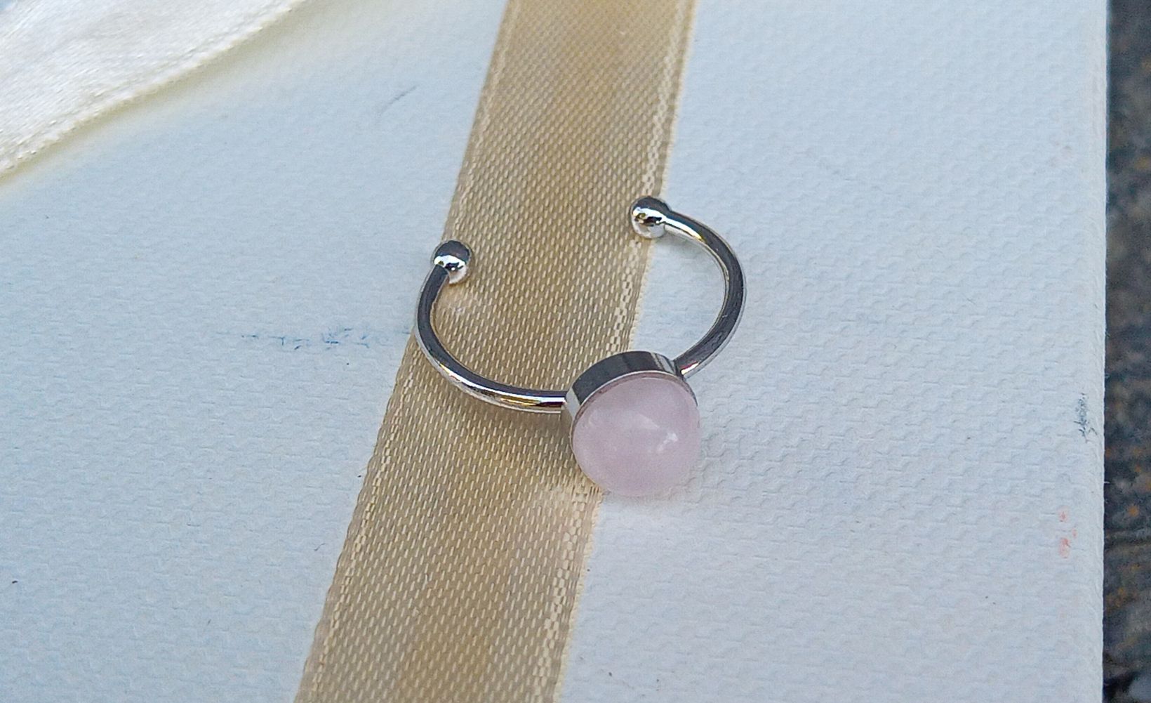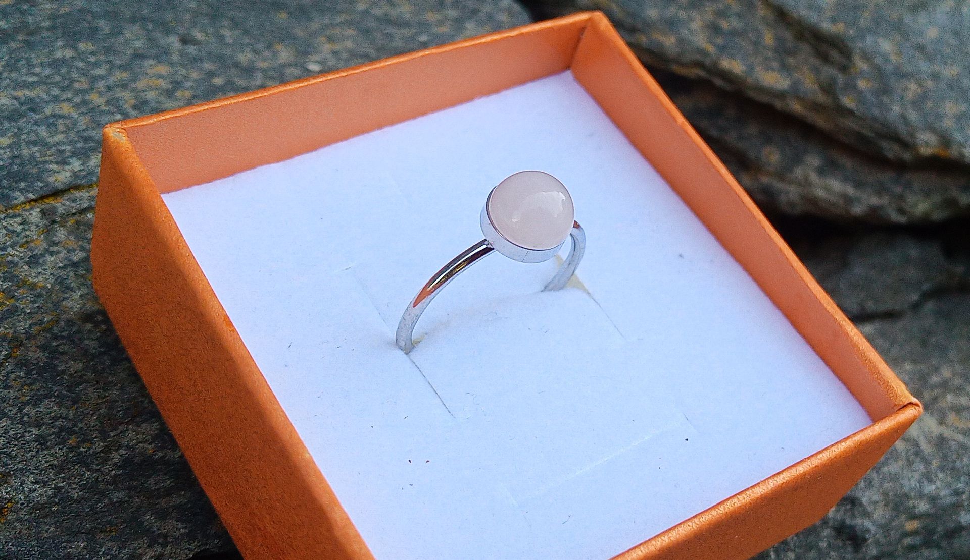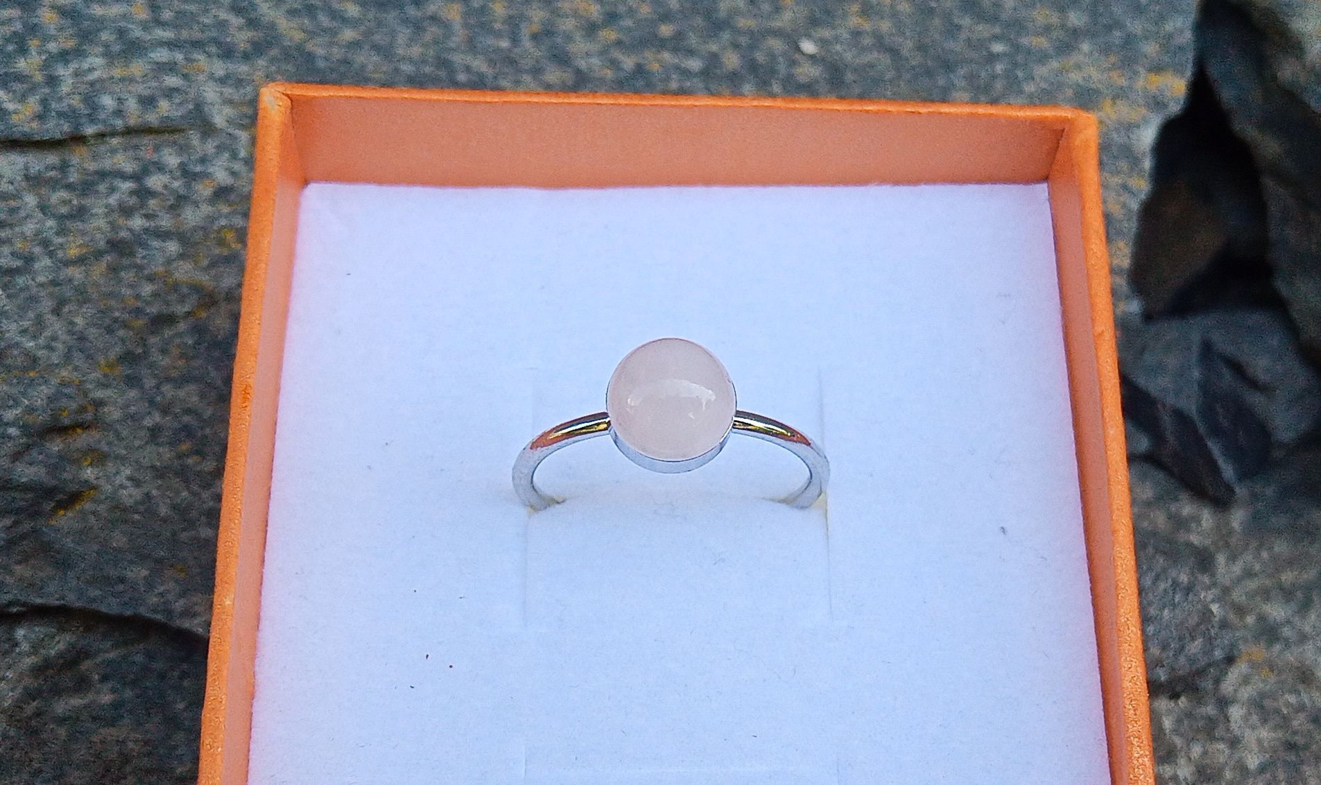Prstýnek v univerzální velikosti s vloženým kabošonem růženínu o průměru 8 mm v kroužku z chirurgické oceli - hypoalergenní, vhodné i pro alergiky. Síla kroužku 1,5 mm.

--

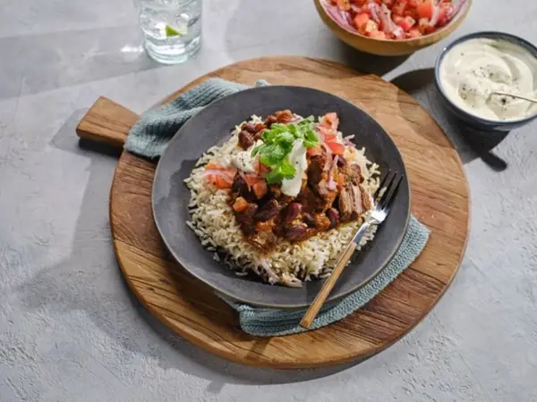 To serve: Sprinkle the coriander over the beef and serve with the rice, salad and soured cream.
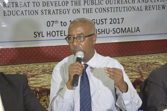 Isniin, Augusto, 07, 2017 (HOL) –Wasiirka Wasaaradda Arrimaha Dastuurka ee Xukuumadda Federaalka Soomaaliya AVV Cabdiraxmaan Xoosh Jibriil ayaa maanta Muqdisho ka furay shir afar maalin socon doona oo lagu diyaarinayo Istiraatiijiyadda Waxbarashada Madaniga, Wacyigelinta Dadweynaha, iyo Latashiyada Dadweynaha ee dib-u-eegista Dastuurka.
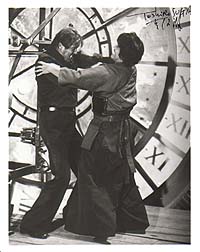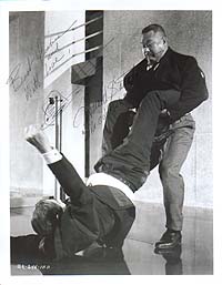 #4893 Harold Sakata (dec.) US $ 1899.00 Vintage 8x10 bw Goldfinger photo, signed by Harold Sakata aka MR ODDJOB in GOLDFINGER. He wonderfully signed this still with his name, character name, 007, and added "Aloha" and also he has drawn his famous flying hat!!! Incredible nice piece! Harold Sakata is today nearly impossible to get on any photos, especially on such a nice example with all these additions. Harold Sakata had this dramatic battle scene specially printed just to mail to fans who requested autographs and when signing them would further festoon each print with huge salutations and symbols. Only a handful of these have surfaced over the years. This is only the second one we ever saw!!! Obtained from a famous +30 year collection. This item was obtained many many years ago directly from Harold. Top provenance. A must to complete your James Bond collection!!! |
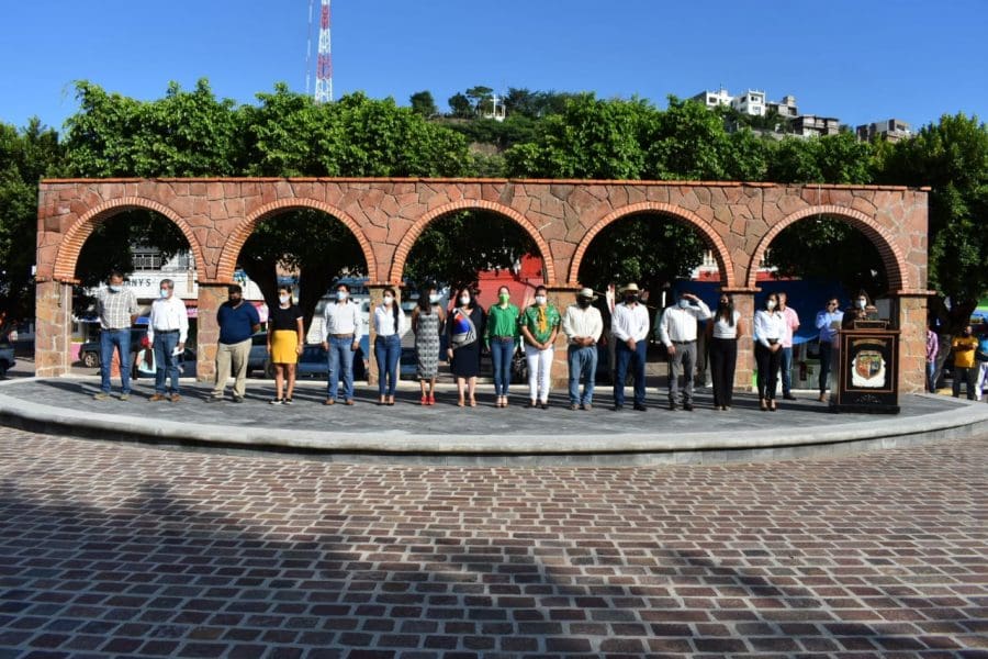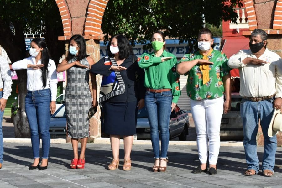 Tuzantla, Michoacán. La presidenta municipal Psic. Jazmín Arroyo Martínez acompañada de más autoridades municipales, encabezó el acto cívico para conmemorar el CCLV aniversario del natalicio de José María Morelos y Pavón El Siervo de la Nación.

...

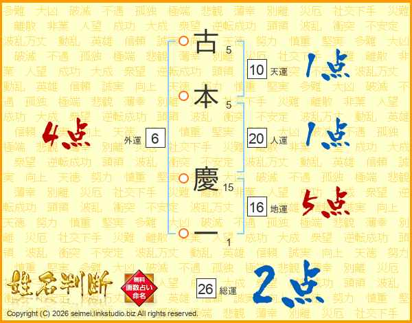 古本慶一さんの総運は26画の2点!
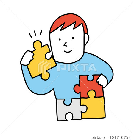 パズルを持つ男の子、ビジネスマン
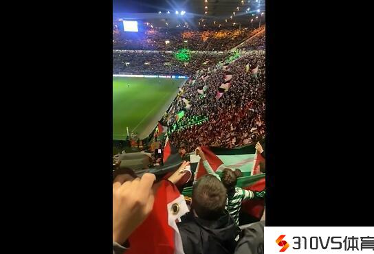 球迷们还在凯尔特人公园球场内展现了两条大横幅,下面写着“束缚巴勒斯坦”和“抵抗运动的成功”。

### Action item
Your answer is the exact run of lines above from the one with "パズルを持つ男の子、ビジネスマン" through the one with "球迷们还在凯尔特人公园球场内", both ends included, minus any picture.

### Result
 パズルを持つ男の子、ビジネスマン
 球迷们还在凯尔特人公园球场内展现了两条大横幅,下面写着“束缚巴勒斯坦”和“抵抗运动的成功”。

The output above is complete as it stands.